Et c’est là que le bât blesse… Car les archives de l’Élysée concernant le Rwanda sont en effet connues depuis dix ans. Elles ont en effet « fuité » en 2004, ont servi de base à plusieurs ouvrages, et ont été rassemblées dans un livre : Rwanda, les archives secrètes de Mitterrand. La vraie question aujourd’hui est donc de savoir s’il y a, dans le corpus déclassifié, des documents nouveaux et inédits. On n’en saura rien tant que des chercheurs ne les auront pas consultés, mais les spécialistes de la question restent sceptiques. Pour l’universitaire Rafaëlle Maison, qui a étudié ces archives « fuitées » et les a analysées dans la revue Esprit en 2010, « si ce sont les mêmes sources que celles que nous avons déjà, cela n’a pas grand intérêt, sauf pour des historiens qui avaient jusqu’ici des scrupules à utiliser des documents qui n’étaient pas officiels ».

François Graner est également réservé : « Nous allons juger sur pièces, et surtout voir si c'est suivi de déclassification de pièces réellement confidentielles. La priorité est que les juges du pôle génocide et du pôle antiterroriste puissent avoir accès à ce qu'ils demandent, et aussi aux enquêtes de l’armée, notamment sur l’attentat du 6 avril 1994 et les soupçons de viols. » Selon François Crétollier, membre de l’association Survie, qui se bat depuis des années pour l’accès aux archives française sur le Rwanda, « la démarche d’ouverture de l’Élysée est une bonne chose, mais il est possible que, depuis vingt ans, des documents aient été expurgés ou jamais versés aux archives. Et si, au final, on retrouve ce que l’on avait déjà, non seulement cela ne sert à rien, mais c’est décrédibilisant pour le pouvoir… ».
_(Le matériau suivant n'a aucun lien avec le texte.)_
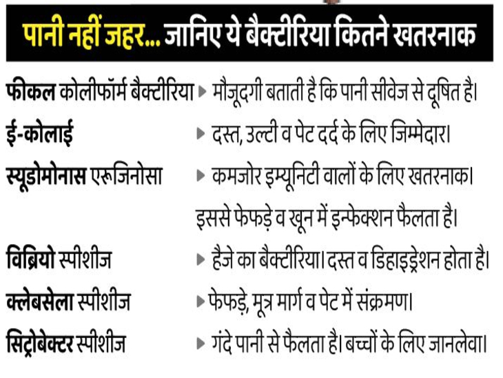 सूत्रों के मुताबिक पानी में हैजा फैलाने वाला विब्रियो कोलेरी भी मिला है, लेकिन सरकारी तंत्र इसे अब भी प्रारंभिक रिपोर्ट कहकर टाल रहा है। रिपोर्ट ने साफ कर दिया है कि पानी में जिस तरह के बैक्टीरिया मिले है, इसका मतलब साफ है कि पानी में सीपेज मिल रहा था।

En effet, à moins de découvrir dans ces archives des documents notables et inédits, ce que peu d’historiens semblent espérer (cf. l’interview de Stéphane Audouin-Rouzeau dans Libération), le véritable enjeu sur le Rwanda est ailleurs. Plus précisément : dans les tiroirs verrouillés du ministère de la défense, du Quai d’Orsay, de la Direction du renseignement militaire (DRM) et de la DGSE. « Tant que ces archives-là ne seront pas accessibles, il restera de multiples zones d’ombre », estime le journaliste David Servenay, coauteur de deux ouvrages très documentés sur la responsabilité française dans le génocide rwandais : Une guerre noire et Au nom de la France. « Il faudrait aussi déclassifier les archives de la Mission parlementaire sur le Rwanda, notamment certaines auditions, comme celles de l’actuel patron des forces spéciales, Grégoire de Saint-Quentin, qui était présent au Rwanda en 1994. »

Comme le confirme le SGDSN, le gros des archives rwandaises réside dans les ministères et les services secrets, et seuls les ministres de tutelle peuvent en demander la déclassification. Or, mardi 7 avril, l’Élysée a promis que l’Assemblée nationale, le Quai d’Orsay et la Défense ouvriraient eux aussi leurs tiroirs, mais « à leur rythme », selon le Nouvel Observateur. Nous avons donc interrogé les deux ministères… qui ont répondu avec force langue de bois. Selon le cabinet de Jean-Yves Le Drian : « Le Quai d’Orsay et la Défense sont chargés de mettre en œuvre, dans leurs domaines respectifs, cette décision du président de la République. Nous sommes donc concernés par cette démarche. » Chez Laurent Fabius, c’est encore plus flou : « Le travail se poursuit, en liaison avec les autorités et les administrations concernées. »

Aucune échéance, aucune perspective, aucun périmètre de déclassification ne sont donc offerts par les ministres concernés. Le SGDSN, de son côté, indique ne pas avoir été saisi d’une quelconque demande de déclassification de leur part, ce qui aurait signifié le début de la démarche promise par la présidence de la République. Tout laisse donc penser, pour l’heure, que les pouvoirs exécutif et législatif français ne souhaitent toujours pas jouer la transparence sur le rôle de la France dans le génocide de 1994 au Rwanda.